We aren’t in the UK. We’ve suspected for a long time that DS1 has ADHD and as soon as he turned 6, he was assessed. Between our initial appointment and his diagnosis, was less than 4 weeks. He’s now on medication and is like a different child, at home and at school.

It breaks my heart that there are children in similar situations who aren’t being given the support they so need. The NHS is fucked.

For what it’s worth, I would go to A&E. Even if it’s just as a cry for help. I hope someone hears you x

@lovelychops yes, I instructed a solicitor specialising SN cases (in relation to the LA, not the NHS) and she told us that the only way to get help from the LA is to take the child to social services and threaten to leave them there until the support they are required by law to provide is made available. And to absolutely mean it.

One of the many problems with "the system" is that autism is categorised as a social and communication disorder, meaning that acute NHS staff kick the ball back firmly over the fence to the (non-existent) support in the schools and community. At least that's always been our experience, sadly even when there is a clear health need arising from the autism/ADHD diagnosis.

All NHS sources state that ASD itself it’s not a mental health condition, however, people on the spectrum are at increased risk

Yes, and I often wonder how much of that increased risk (in the UK at least) is caused by being consistently failed and overlooked by service providers for children, and surrounded by absolutely frazzled and enraged family members.

You only have to read a MN thread to see how much discrimination is faced by autistic people. It seems the process of learning that you do not deserve help starts young!

Please don't go to A&E call social services and ask for the Childrens disability crisis team they have experience of exactly what you and your ds are going through and will call you back quickly. The only thing A&E will do is refere you to CAMHS which will take months the only thing you'll gain at A&E is along pointless wait with a distressed child.

I say this as a parent of a severely autistic learning disabled 18 year old who has walked in your shoes many times. X

I work with autism and learning disability. If you don't have a social worker already call duty social Work team and explain that your close to a breakdown, that you need immediate help, they should send you someone that day. Don't let people scare monger you about having your child taken away!
Alternatively hospital for an in house assessment, will at least give you a 24 hour break if nothing else.
The services are unbelievably crap and I really feel for you.

This is the massive issue with the NHS, everyone complains about and villanises the general public for the massively over stretched A&E provision, 12 hour waits on hallways floors…etc but it’s 98% caused by SEVERELY LACKING SUPPORT SERVICES.

ok maybe 2% of people are going to A&E because they got a splinter or stubbed their toe and genuinely thought that was their first best option but 98% is people who can’t get a GP apt and/or have been on waiting lists for months for services with no light at the end of the tunnel.

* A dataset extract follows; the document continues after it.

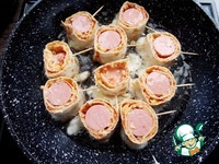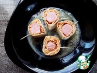 Описание: У многих, как и у меня, дети очень привередливы в еде и приходится выдумывать разные варианты, чтобы их накормить. Сосиски, несовсем полезная еда, но если найти качественный продукт в своём городе, то вполне, можно и угостить детей. Пока мои парни, играли в спортивные игры на поляне, я приготовила им такой интересный перекус. Горячие порционные завитушки из лаваша с томатным соусом, сосисками и сыром, которые, я обжарила в яйце, пришлись им по душе. Взрослым и не досталось))).
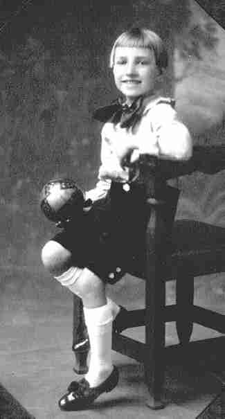 Short styles became dominant, especially after World War I (1914-18). Boys no longer wore ringlet curls. Mothers had to give into poular fashion which no longer saw ringlets as accptable for boys. Ringlets became a decidedly girlish fashion. We do see mothers postpone hair cuts for younger boys and allow natural curls to grow. Most boys after about 3-4 years wore short hair. Cropped hair was not real common. Short cuts seem popular, but to a length that could be parted. The hair was common cut well around the ears, but precise lengths and styles varied, in part because of the varied nature of hair. The front of the hair varied. Younger boys continued to wear bangs, but older boys treated the front of their hair in different ways. Actually the attention in the 1920s was off the boys and focused on the girls. Girls and young women as casual fashions became more popular and skirt lines rose, decided to "bob" their hair. The term "bob" in connection with cutting hair short seems to have come from the term for cutting a horse's tail short ("Bob-tailed nag"). A celebrated ball room dance in the 1910s, Irene Castle cut her hair short (1915). The cut came to be known as the "Castle Bob" and after World War I many girls and young women embraced the style. For girls it was common bangs at the front and hair over their ears at the side. Celebrated novelist F. Scott Fitzgerald even wrote a short story, "Bernice Bobs Her Hair", for the Saturday Evening Post (1920). Both boys and girls wore commonly wore bangs in the 1920s. The primary dufference was the length of hair at the sides. Here mothers had some discression, at least for younger boys. The complete history of the decade was not just short hair. Ringlets came bacl with a vengence at the very end of the decade, at least for little girls. This resulted from a spectacular little girls in the movies--Shirley Temple. This trend florished in the 1930s.

yes in a perfect world nobody should ever go to A&E unless it’s life and death accident or emergency BUT in order to do that the responsibility lies with the system to not make A&E the last resort of desperate people who are being failed in every other area of care!

You've had good advice upthread but I just want to say how sorry I am that you're in this situation. I think a lot of people don't understand how unbelievably broken mental heath services are unless they are involved in them either as a patient or staff. They are absolutely fucked and I have never seen them so bad.

I'm a parent with a similarly diagnosed child. Prior to his medication appointment which we've had today in fact, I was told that if he went into crisis it was straight to A&E. So yes that is what I'd do.